The GitHub Actions workflow generated by Claude Code fails on every push or pull request. The workflow YAML may have syntax errors, reference non-existent secrets, use outdated action versions, or fail due to missing permissions. CI/CD is completely broken, preventing automated testing and deployment.

GitHub Actions workflows are notoriously difficult to debug because you can't run them locally (without act), the feedback loop is slow (push, wait, read logs), and error messages often point to symptoms rather than root causes.

The workflow may have worked initially but started failing after GitHub deprecated an action version, a secret expired, or the repository settings changed.

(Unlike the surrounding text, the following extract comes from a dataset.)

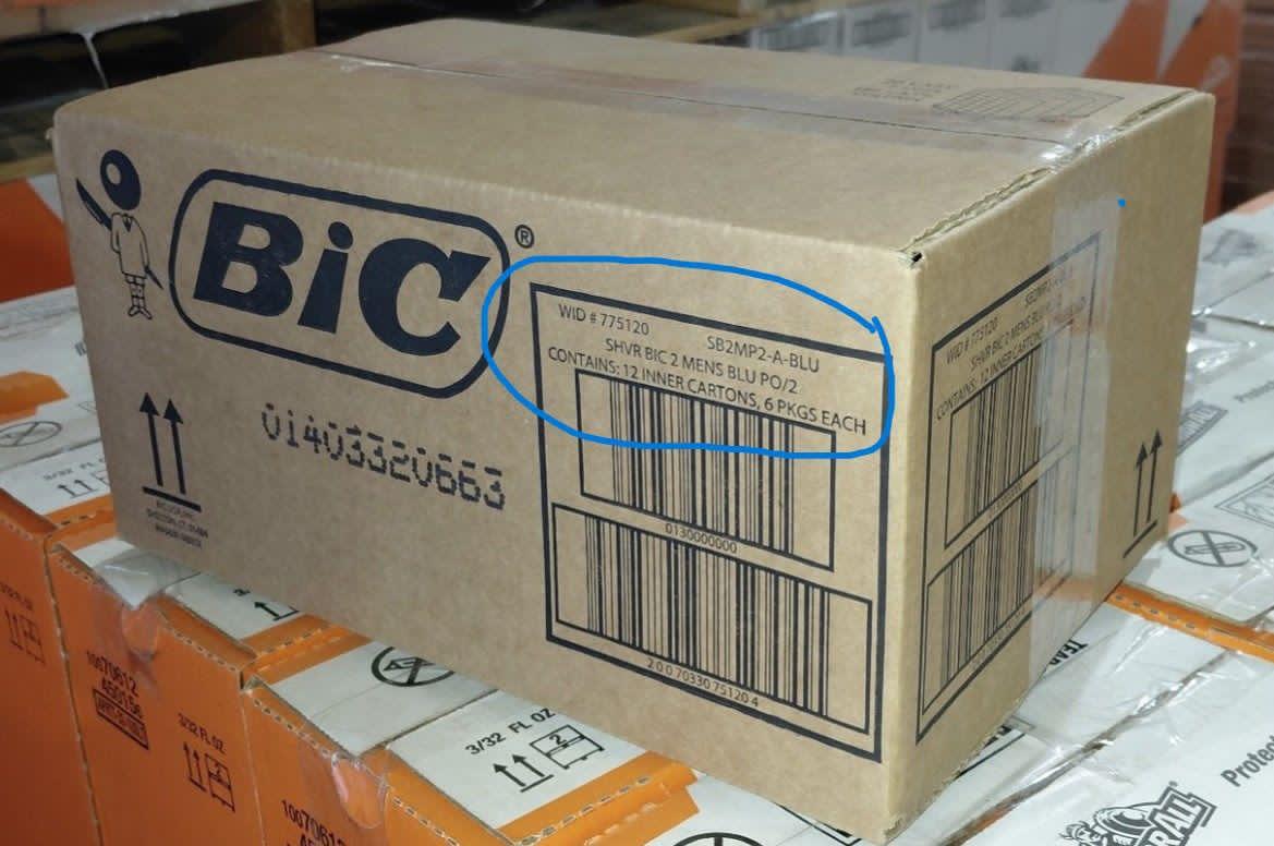 • Label shows: 12 inners (6ct each)

Error Messages You Might See

Error: Process completed with exit code 1 Error: Input required and not supplied: token Error: The template is not valid. Unexpected value '' Error: Resource not accessible by integration Node.js 16 actions are deprecated
Error: Process completed with exit code 1Error: Input required and not supplied: tokenError: The template is not valid. Unexpected value ''Error: Resource not accessible by integrationNode.js 16 actions are deprecated

Common Causes

  • Outdated action versions — Using actions/checkout@v2 or actions/setup-node@v2 which are deprecated or have breaking changes
  • Missing or expired secrets — The workflow references secrets (DEPLOY_KEY, NPM_TOKEN) that haven't been configured in the repository settings
  • YAML syntax errors — Indentation errors, missing colons, or incorrect nesting in the workflow file
  • Insufficient permissions — The GITHUB_TOKEN doesn't have write permission for packages, deployments, or pull requests
  • Runner environment mismatch — Code assumes tools or OS features available in ubuntu-20.04 but the runner uses ubuntu-latest (22.04 or 24.04)

How to Fix It

  1. Update all actions to latest versions — Use actions/checkout@v4, actions/setup-node@v4, and check each action's releases for the current major version
  2. Configure required secrets — Go to repository Settings > Secrets and variables > Actions and add all secrets referenced in the workflow
  3. Validate YAML syntax — Use actionlint or the GitHub Actions VS Code extension to catch syntax errors before pushing
  4. Set proper permissions — Add a permissions block at the top of the workflow to explicitly grant required access
  5. Pin the runner OS version — Use runs-on: ubuntu-22.04 instead of ubuntu-latest for reproducible builds
  6. Test locally with act — Install the act CLI tool to run GitHub Actions locally and iterate faster

Real developers can help you.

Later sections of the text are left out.